La mesa redonda final asumió el desafío con honestidad: preguntarnos quiénes somos y hacia dónde vamos. No existe identidad estática, especialmente en un contexto marcado por la aceleración tecnológica y la irrupción de la inteligencia artificial.
En este marco, Josep Soler planteó la necesidad de reformular ciertos formatos educativos ante la presión de la IA, recuperando el espíritu del diálogo propio de los maestros griegos. Si la tecnología automatiza respuestas y acelera procesos, la escuela puede reafirmar aquello que la hace insustituible: la conversación profunda, la pregunta bien formulada y el cultivo del juicio crítico.
Enrique Maestu recordó, por su parte, que la humanidad siempre ha sabido salir adelante ante cada gran transformación histórica. No desde la nostalgia, sino desde la adaptación, la creatividad y la cooperación. La tecnología transforma los instrumentos; la responsabilidad ética sobre su uso continúa siendo humana.

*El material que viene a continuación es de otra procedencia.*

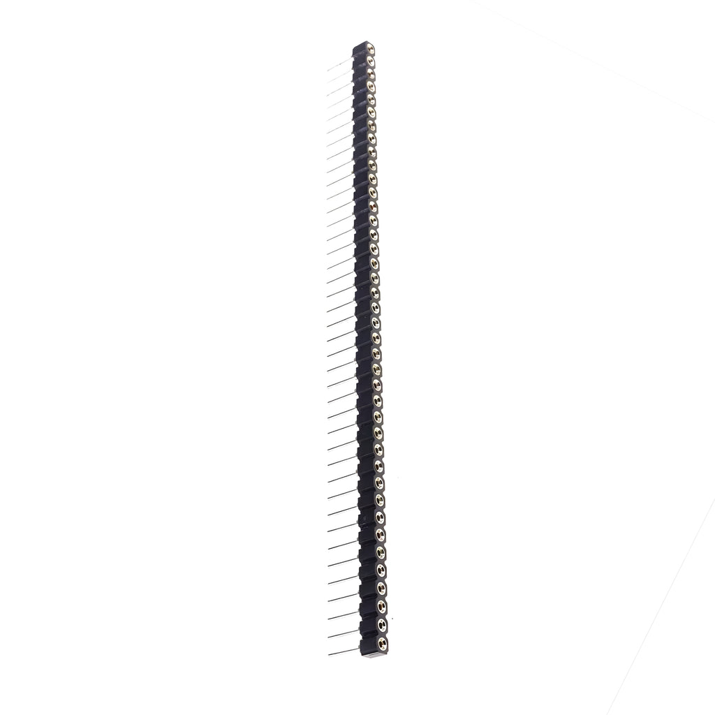 The 40×1 Single In Line Female Pin Header is a single-row through-hole socket header designed to provide reliable and reusable connections between PCBs and male pin headers. With a standard 2.54 mm pitch, it is widely compatible with Arduino, Raspberry Pi, ESP, and other development boards. The female socket design allows easy insertion and removal of mating pins, making it ideal for prototyping, testing, and modular circuit designs.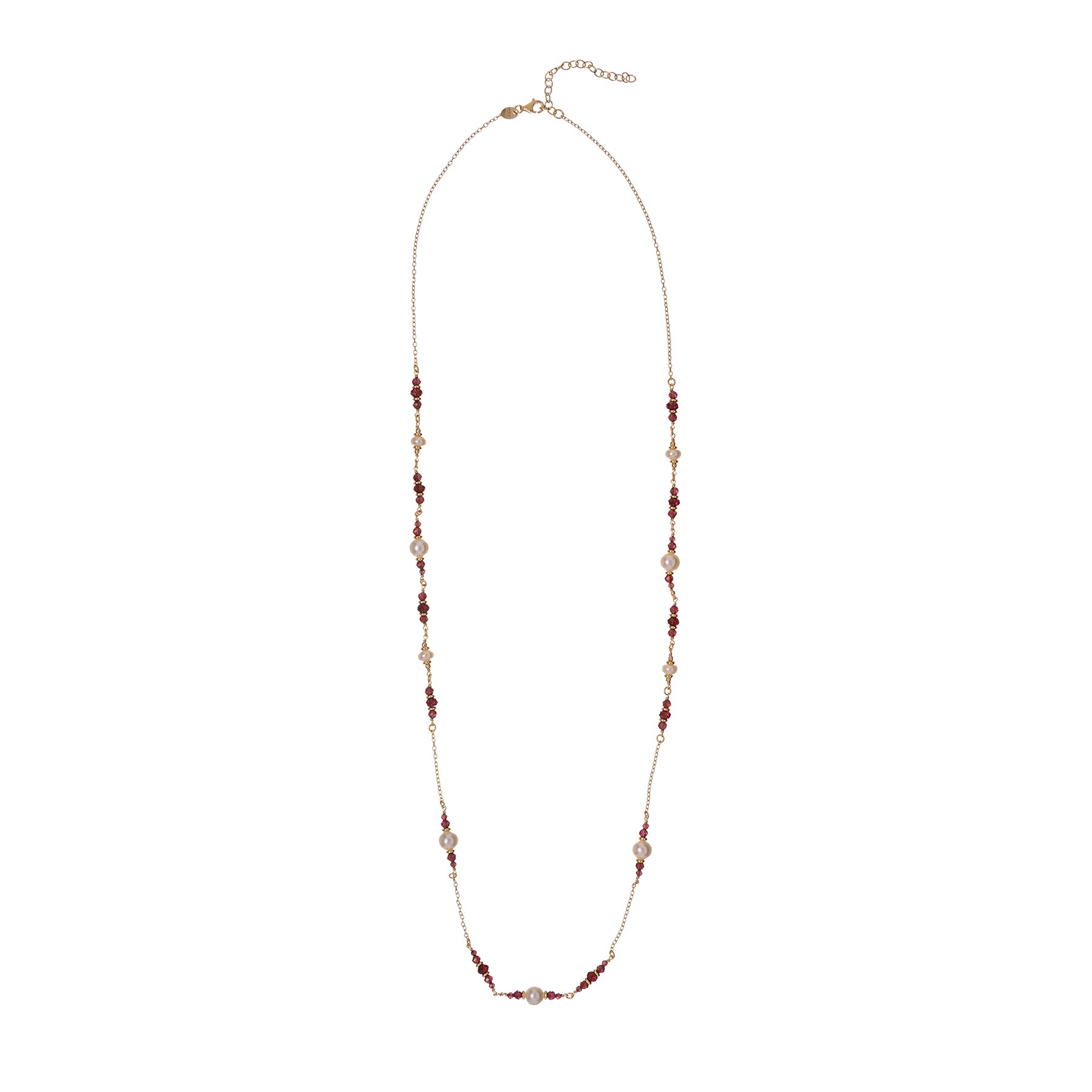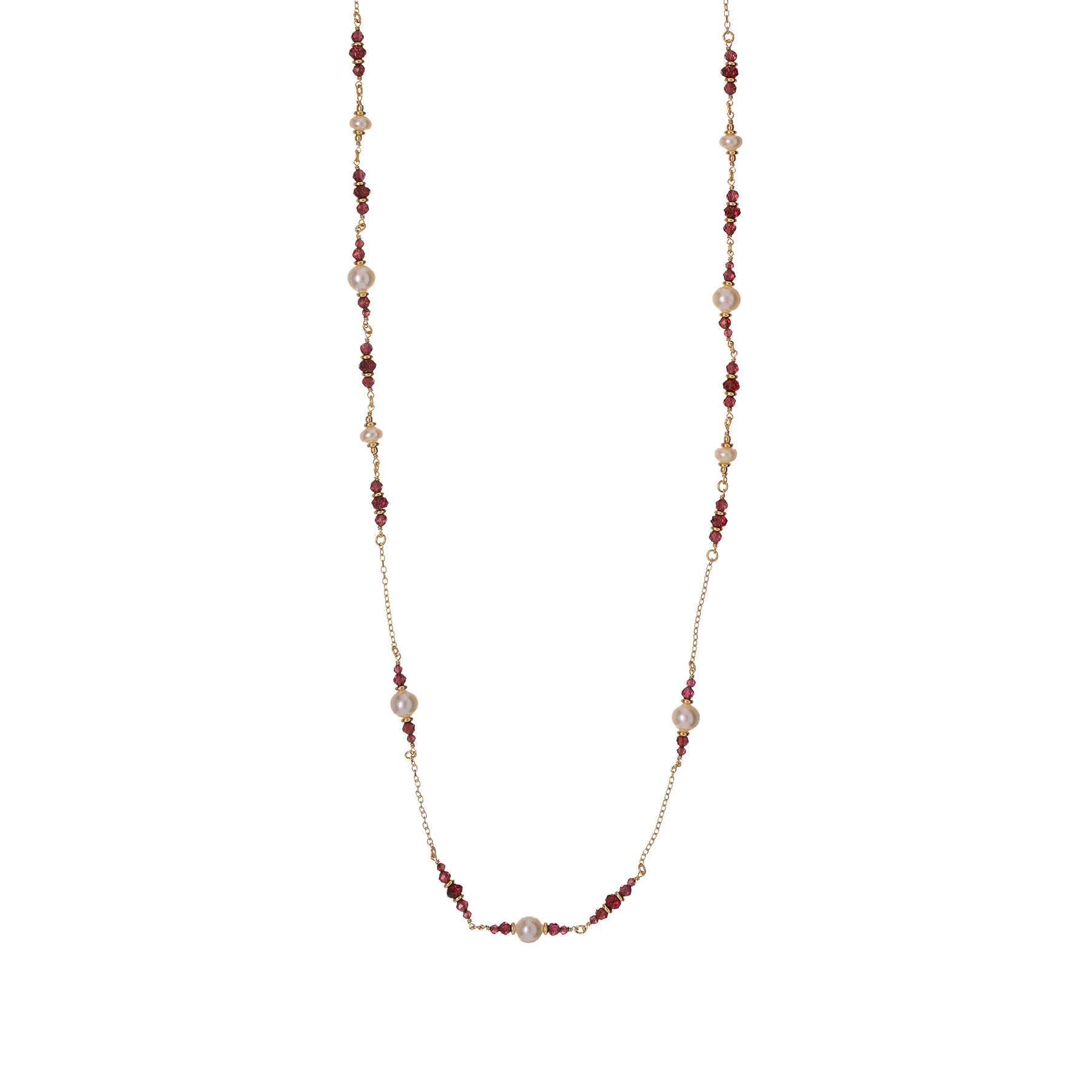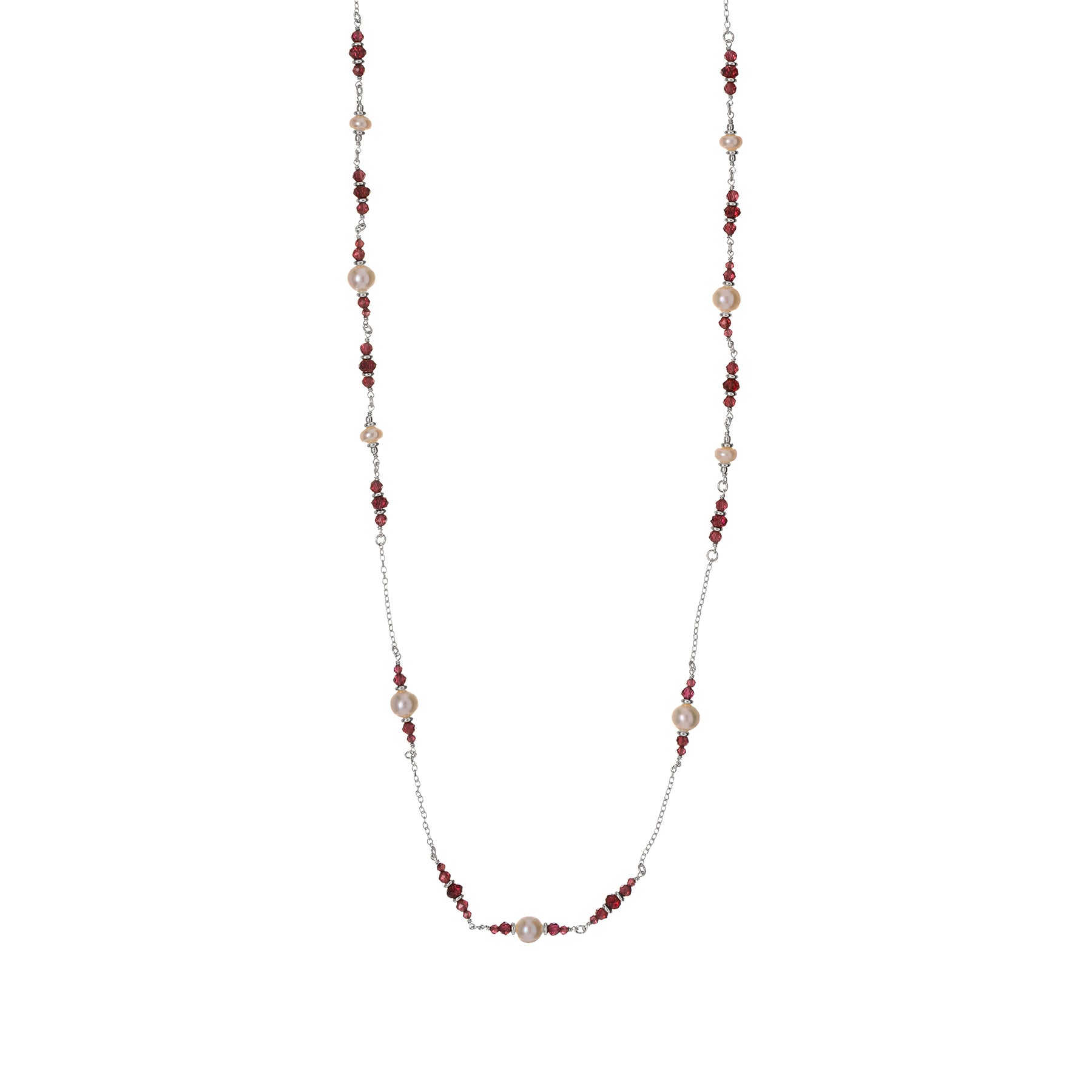 The warm tones of garnet combine with the purity of white pearls to create an elegant, timeless piece of jewelry.

En este contexto, también la universidad está llamada a revisar sus paradigmas. Encuentros como el IB Association Day sugieren que este ejercicio de repensarse en comunidad debería extenderse a otros niveles educativos, promoviendo un diálogo interinstitucional que permita anticipar y no solo reaccionar. Por ello, contamos con universidades entre los patrocinadores, como la Universidad Europea, Schiller University, ESIC, o Epitech.
Al final, el centro de toda reflexión permanece claro: los estudiantes. Que puedan convertirse en las personas que desean ser, con integridad, pensamiento crítico y sentido de responsabilidad. Que distingan hechos de opiniones. Que mantengan la humanidad en medio del progreso tecnológico y encuentren motivación para contribuir al bien común.
Una identidad abierta, en movimiento
El IB promueve apertura, diversidad y mentalidad internacional como principios estructurales. ASIBI, como red, fortalece esa apertura creando espacios donde las escuelas pueden revisar y redefinir su identidad colectivamente.
Una comunidad abierta no se da por concluida. Se revisa, aprende y evoluciona de manera conjunta. En esa dinámica de revisión constante reside una forma madura y responsable de entender la identidad educativa en el presente y de proyectarla hacia el futuro.